2.Gangguan persepsi sensori: halusinasi pendengaran berhubungan dengan menarik diri.
3.Resiko perilaku kekerasan pada diri sendiri berhubungan dengan halusinasi pendengaran.
4.Gangguan pemeliharaan kesehatan berhubungan dengan defisit perawatan diri: mandi, berhias.
F.Fokus Intervensi
1.Resiko perilaku kekerasan terhadap diri sendiri berhubungan dengan halusinasi (Mahdi, 2002: 21-24).
a.Tujuan umum
Klien dapat mengontrol halusinasinya sehingga risiko perilaku kekerasan tidak terjadi.
b.Tujuan khusus
1)TUK 1: klien dapat membina hubungan saling percaya.
a)Kriteria evaluasi
(1)Klien menunjukkan tanda-tanda percaya kepada perawat:
Ekspresi wajah bersahabat, menunjukkan rasa senang, ada kontak mata, mau berjabat tangan, mau menyebutkan nama, mau menjawab salam, mau duduk berdampingan dengan perawat, bersedia mengungkapkan masalah yang dihadapi.
(2)Klien mampu menyebutkan isi, waktu frekuensi, situasi dan kondisi yang menimbulkan halusinasi.
b)Intervensi
(1)Bina hubungan saling percaya dengan menggunakan prinsip komunikasi terapeutik:
(2)Sapa klien dengan ramah baik verbal maupun non verbal.
(3)Perkenalkan nama, nama panggilan dan tujuan perawat berkenalan.

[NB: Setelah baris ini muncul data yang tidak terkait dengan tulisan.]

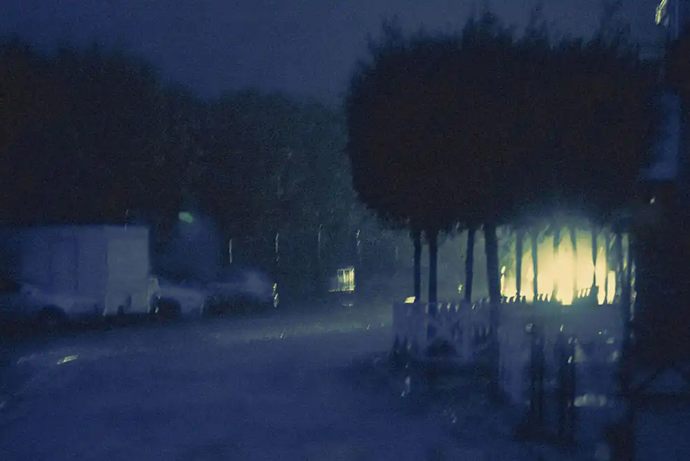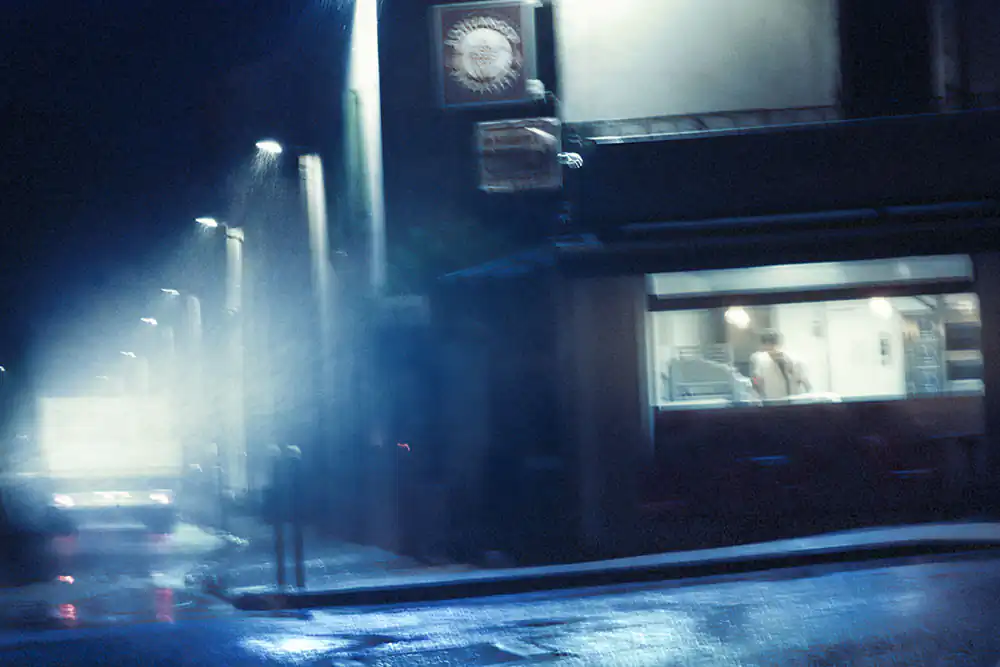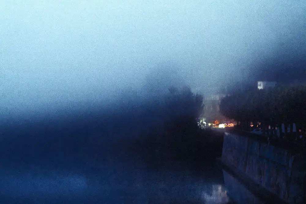 To hold these fleeting atmospheres, I relied on two very different tools. Most of the series was created with a Leica M11, capable of preserving subtle gradations of fog, rain, and sunlight. But when night arrived, I turned to the iPhone. Its limitations gave the images a rougher, grainier texture. Together, these devices spoke in two voices: the delicacy of Leica color and the harshness of the iPhone’s overexposed night lights.

(4)Tanyakan nama lengkap dan nama panggilan yang disukai klien.
(5)Buat kontrak yang jelas.
(6)Tunjukkan sikap jujur dan menepati janji setiap kali interaksi.

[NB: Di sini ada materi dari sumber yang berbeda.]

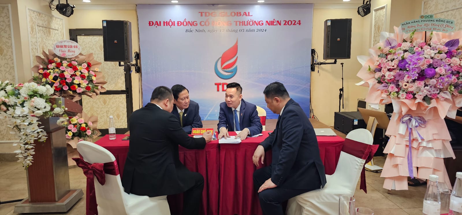 Ngày 17 tháng 5 năm 2024, tại TP Bắc Ninh, tỉnh Bắc Ninh, Công ty CP Đầu tư TDG GLOBAL đã tổ chức thành công Đại hội cổ đông năm 2024, nhằm thông qua kế hoạch trả cổ tức, kế họach tăng vốn, và bổ sung thành viên hội đồng quản trị (HĐQT).

(7)Tunjukkan sikap empati dan menerima apa adanya.
(8)Beri perhatian kepada klien dan perhatikan kebutuhan dasar klien.
(9)Tanyakan perasaan klien dan masalah yang dihadapi klien.

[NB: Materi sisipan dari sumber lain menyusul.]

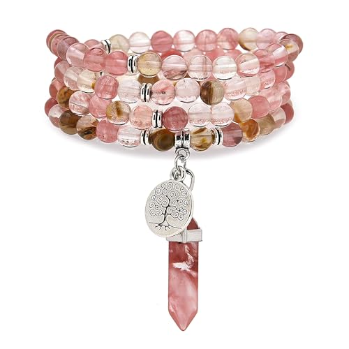 Arbre de vie charme, cadeau de bijoux faits à la main, 108 perles naturelles de marais bracelet Spirit collier avec Reiki quartz Hexagonal Prism pendentif (Tourmaline pastèque (Watermelon Tourmaline))

(10)Dengarkan dengan penuh perhatian ekspresi perasaan klien.
2)TUK 2: klien dapat mengenal halusinasinya.
a)Kriteria evaluasi
(1)Klien mampu menyebutkan isi, waktu, frekuensi, situasi dan kondisi yang menimbulkan halusinasi.
(2)Klien menyatakan perasaan dan responnya saat mengalami halusinasi (marah, takut, sedih, senang, cemas, jengkel).
b)Intervensi
(1)Adakan kontak sering dan singkat secara bertahap.
(2)Observasi tingkah laku klien terkait dengan halusinasinya (dengar, lihat, penghidu, raba, kecap), jika menemukan klien yang sedang halusinasi:
(a)Tanyakan apakah klien mengalami sesuatu (halusinasi dengar, lihat, penghidu, raba, kecap).
(b)Jika klien menjawab ya, tanyakan apa yang sedang dialaminya.
(c)Katakan bahwa perawat percaya klien mengalami hal tersebut, namun perawat sendiri tidak mengalaminya ( dengan nada bersahabat tanpa nada menuduh atau menghakimi).
(d)Katakan bahwa ada klien lain yang mengalami hal yang sama.
(e)Katakan bahwa perawat akan membantu klien.
(3)Jika klien tidak sedang berhalusinasi klarifikasi tentang adanya pengalaman halusinasi, diskusikan dengan klien:
(4)Isi, waktu, dan frekuensi terjadinya halusinasi (pagi, siang, sore, malam atau sering dan kadang-kadang).
(5)Situasi dan kondisi yang menimbulkan atau tidak menimbulkan halusinasi.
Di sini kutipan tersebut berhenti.